In the most cases, with a warm heat source and a low-temperature receiving system, heat networks could deliver four to six units of heat output for each unit of electricity (although multipliers of around three are more typical as average performances across the year). Heat storage, meanwhile, can be used to smooth peak electric loads and avoid times when grid capacity is constrained. Through these means, urban heat networks can effectively enable a low carbon transition while contributing to grid balancing through a transactive energy market mechanism.
Electrification of urban transport
Like heat, the transportation sector appears to be on a rapid trajectory towards electrification, especially in cities.
Although today’s stock of road vehicles is almost entirely made of liquid fuel-powered vehicles, electric vehicle (EV) penetration is rising rapidly. This is due to a mix of pull factors, including improving vehicle design, battery performance and falling prices, and push factors including policy support for EVs and restrictions on other fuel types to improve air quality.
Currently, EVs represent less than 0.1 per cent of total passengers cars in the world, but recent research by Bloomberg New Energy Finance forecasts that “continuing reductions in battery prices will bring the total cost of ownership of EVs below that for conventional-fuel vehicles by 2025”.
By 2040, Bloomberg projects that EVs will represent 35 per cent of global light duty vehicle sales. Such a volume equates to an 11 per cent share of the global electricity demand in 2015.

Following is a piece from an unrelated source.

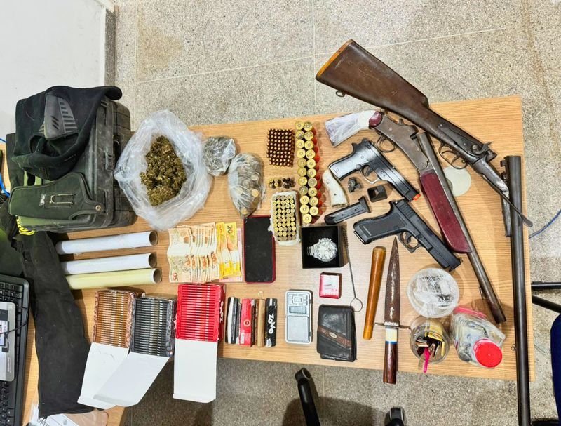 Foram apreendidos um aparelho celular, ferramentas utilizadas na escavação e um frasco com substância semelhante a clonazepam. Os dois foram encaminhados à Unidade Integrada de Segurança Pública (UNISP), onde permanecem à disposição da Justiça.

Such a rate of transition from petroleum-based to electricity-based transport will have a profound impact on the grid. The impact will, however, be greatest on urban energy systems, given that EV penetration will inevitably be most concentrated in urban areas, because cost and environmental benefits over conventional petrol and diesel engines are greatest in cities; and EV range limitations are less of an issue in cities, where most trips are only a few miles. The shorter range also makes EVs more viable for city-based medium-duty vehicles (e.g., delivery trucks and vans); and urban densities mean that deployment of EV charging infrastructure is more viable in cities.

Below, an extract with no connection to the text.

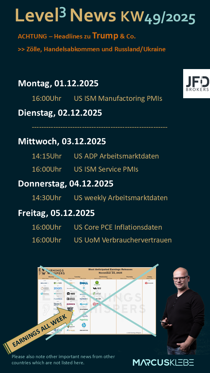 In the coming week, market attention will once again focus on a series of key economic indicators that are likely to set the tone for equities, currencies, and bond markets. Particularly in focus are the U.S. data releases, many of which have been significantly delayed due to the recent government shutdown. This creates an unusual situation: market participants must digest several postponed reports at once – many of them highly relevant for inflation and interest rate expectations.

Transactive energy can provide a critical means to ensure that generation and distribution infrastructure investment in cities keeps pace with the rising marginal demand of energy. TE can also provide price signals to secure premium payments from those whose need for recharging may be urgent, while rewarding those willing to postpone or spread out their recharge. Vehicle fleets may also be able to capture excess generation in low demand periods (e.g., overnight) and so increase utilization of wind as renewables take an ever larger share of the generation mix.
The article is part of a paper prepared by Alan Thomson and Stephen Cook of Arup on behalf of the World Energy Council.